Division of polynomials is simple in that you only need to consider the highest term from both dividend and divisors, order of result is difference of powers of x and how many times it goes, is just division of coefficients. Each time you must add one term from the dividend more and substract the last result times the divisor from that polynomial. You finish when highest exponent of divisor is of higher order than next polynomial to divide (difference is negative).

You should `raise` error not return string 'error'.

Hi again. Thanks for your help, I think I understood you, I've managed to code something but I'm receiving a weird error I don't understand.

Here's the new code:

``````def dividir(poli1,poli2):
dividendo = poli1
divisor = poli2
cociente = Polinomio([])
listarestando = []

while dividendo.polinomio[0].exponente >= divisor.polinomio[0].exponente:
cociente.polinomio.append(Monomio.dividir(dividendo.polinomio[0],divisor.polinomio[0]))
resultado = Monomio(cociente.polinomio[cociente.size - 1].coeficiente, cociente.polinomio[cociente.size - 1].exponente)
for i in range(0, dividendo.size):
restando = Polinomio([listarestando])
restando.ordenar()
restando.simplificar()
dividendo = Polinomio.restar(dividendo, restando)
cociente.ordenar()
cociente.simplificar()
resto.ordenar()
resto.simplificar()
return cociente, dividendo
``````

however, when I run said code it gives me this error:

``````Traceback (most recent call last):
File "<pyshell#19>", line 1, in <module>
Polinomio.dividir(poldiv1,poldiv2)
File "C:/Users/Carlos/Desktop/clases/monomio.py", line 151, in dividir
dividendo = Polinomio.restar(dividendo, restando)
File "C:/Users/Carlos/Desktop/clases/monomio.py", line 116, in restar
poli2.polinomio[a].coeficiente = 0 - poli2.polinomio[a].coeficiente
AttributeError: 'list' object has no attribute 'coeficiente'
``````

The weird thing is, the error appears to be in restar (the method which substracts polynomials) but when I use that method manually, it works.

(The restar method is already posted in my former post, if you need to see it)

What did I do wrong?

I will post my code using magic methods starting from your code as code snippet thread, when you get your division working I will add it to my snippet (I did not implement it yet myself). You have somehow put list instead of Monomio type element in the Polinomio.

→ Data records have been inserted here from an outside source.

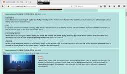 >>702>>706Streamer here, I'm totally down to stream Niea_7 after Texhnolyze as well. It was a tossup between the two as to which one to do first, and of course the more people the merrier.
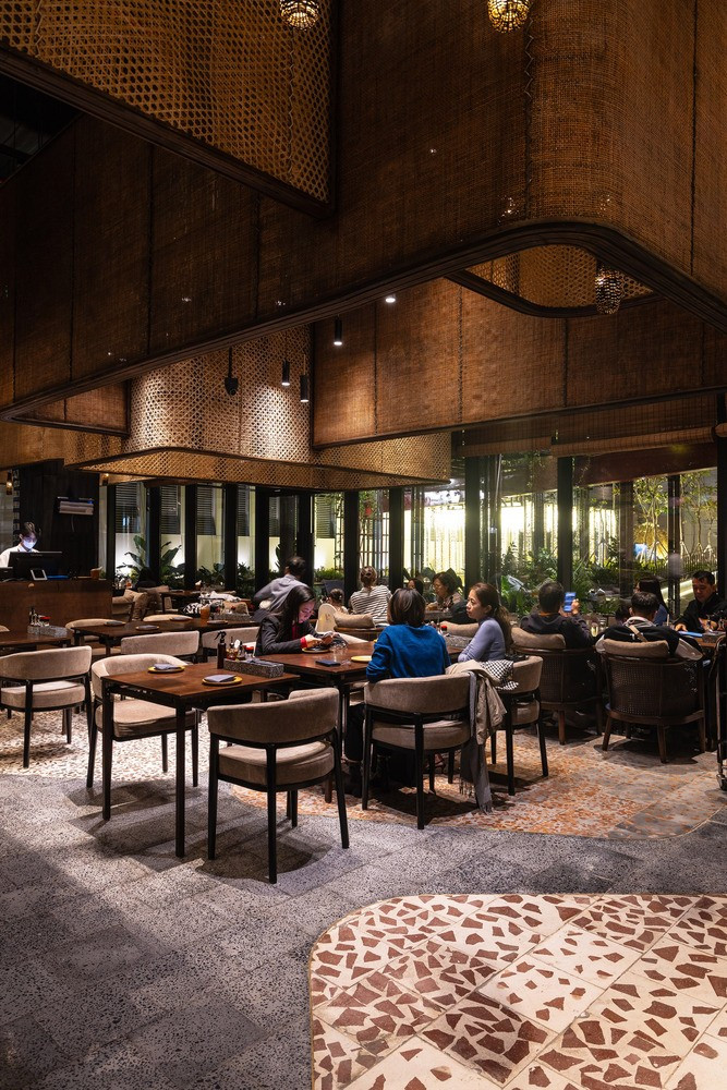 Dự án nhà hàng này là sự tích hợp vật liệu và kỹ thuật có nguồn gốc từ các làng nghề thủ công của Hà Nội.
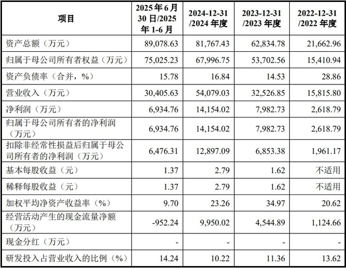2022年、2023年、2024年和2025年1-6月,恒运昌实现营业收入分别为15,815.80万元、32,526.85万元、54,079.03万元和30,405.63万元,实现净利润/归属于母公司所有者的净利润分别为2,618.79万元、7,982.73万元、14,154.02万元和6,934.76万元,实现扣除非经常性损益后归属于母公司所有者的净利润分别为1,961.17万元、6,853.38万元、12,897.09万元和6,476.31万元。
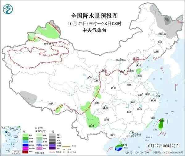 中央气象台预计,今天,新疆北疆北部、黑龙江中东部、西藏西南部等地部分地区有小雪或雨夹雪,其中,黑龙江北部等地部分地区有中到大雪。海南岛、台湾岛大部等地部分地区有中到大雨,其中,海南岛南部等地部分地区有暴雨。
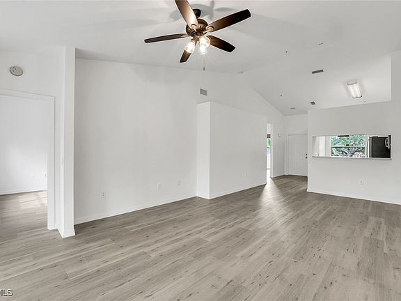 Naples living at a price you’ll love! This beautifully updated 2-bedroom, 2-bath second-floor condo offers a serene private treed view and the added elegance of a cathedral ceiling, available only on upper-level residences. Inside, you’ll find new flooring, fresh paint, and stylish ceiling fans, while the kitchen shines with stainless steel appliances and a convenient pass-thru to the dining area for effortless entertaining.
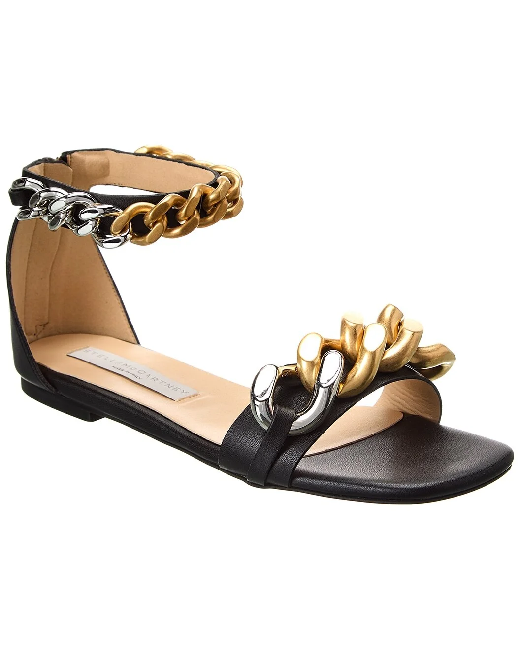 - About the brand: Sharp. Sophisticated. Sustainable. - Please note: Size selections are European. For US conversions, please reference size chart. - Made in Italy - Falabella Chain Sandal in black vegan-friendly faux leather and silver-tone and gold-tone hardware with chain trim - Center back zip-up closure - Lightly padded leather insole - Smooth leather sole - Our products are 100% genuine. In some cases we purchase merchandise from trusted independent suppliers and not directly from the brand owner. In all cases we stand by the authenticity of every product sold on our site. - WARNING: - CA Residents - Prop 65

Thanks. The error appeared because of

``````> restando = Polinomio([listarestando])
``````

it should be

``````   restando = Polinomio(listarestando)
``````

as listarestando was already a list.

It doesn't work yet, anyway. I'll keep fixing it and I'll post it when (if) I manage to get it to work.

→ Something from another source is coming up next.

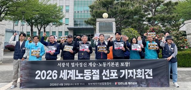 민주노총 제주본부는 29일 오전 제주지방합동청사 앞에서 ‘2026 세계노동절 선포 기자회견’을 개최했다. 양유리기자
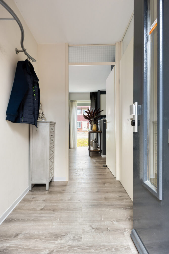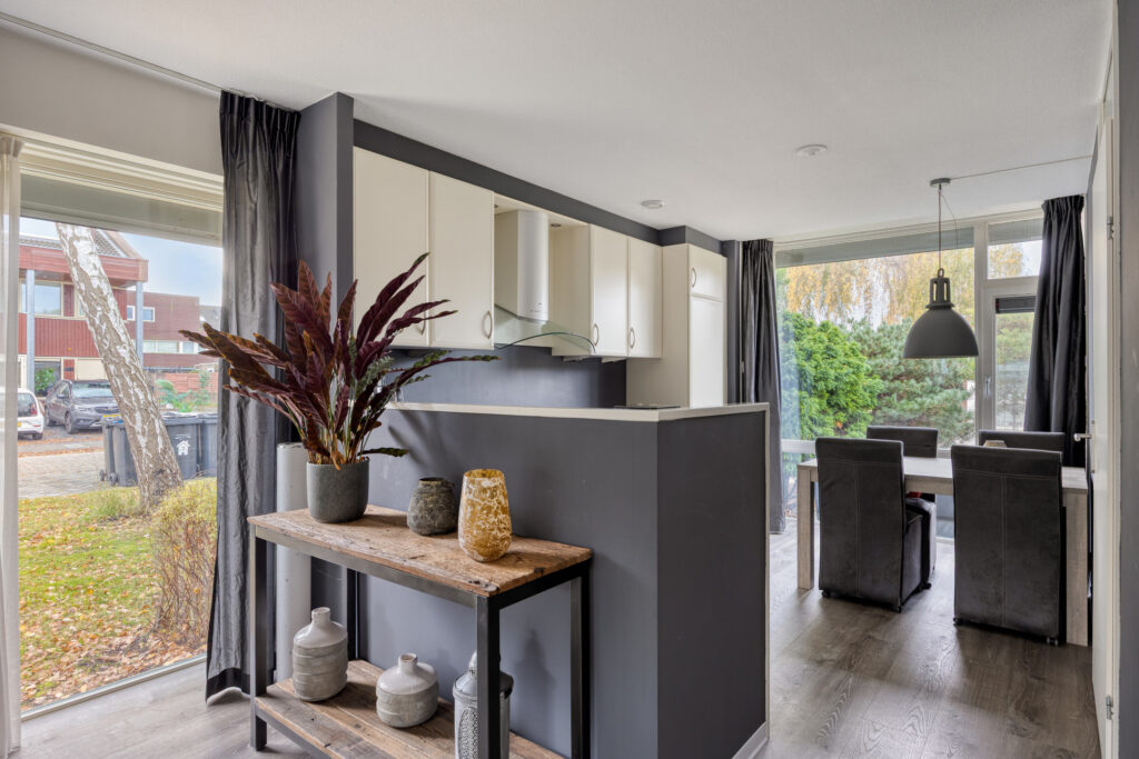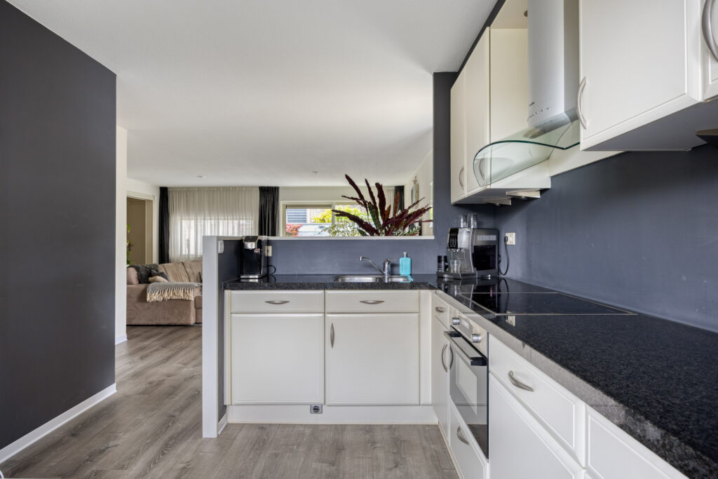 Via de carport stap je binnen in de hal met ruimte voor een garderobe, toiletruimte en toegang tot de woonkamer. De ruime living heeft een lichte laminaatvloer, grote raampartijen en een schuifpui die zorgt voor een directe verbinding met de tuin. De open keuken aan de voorzijde is ingericht in lichte en contrasterende tinten, en voorzien van moderne inbouwapparatuur, waaronder een elektrische kookplaat, afzuigkap, oven en koel-/vriescombinatie. De eethoek ligt gezellig bij het raam met zicht op de voortuin.

I did my own division, be sure to test this one:

``````(X^4 - 1) / (x - 1) = (X^3 + X^2 + x + 1)
``````

Another test usefull is

`````` (X^3 - 2X^2 + 3x + 1) / (-4X^2 + 7x + 12) = (-0.25x + 0.0625)  + (5.5625x + 0.25) / (-4X^2 + 7x + 12)
``````

Which yields coefficients that are not integers even the original coefficients are. Found a bug in my own code when tried this.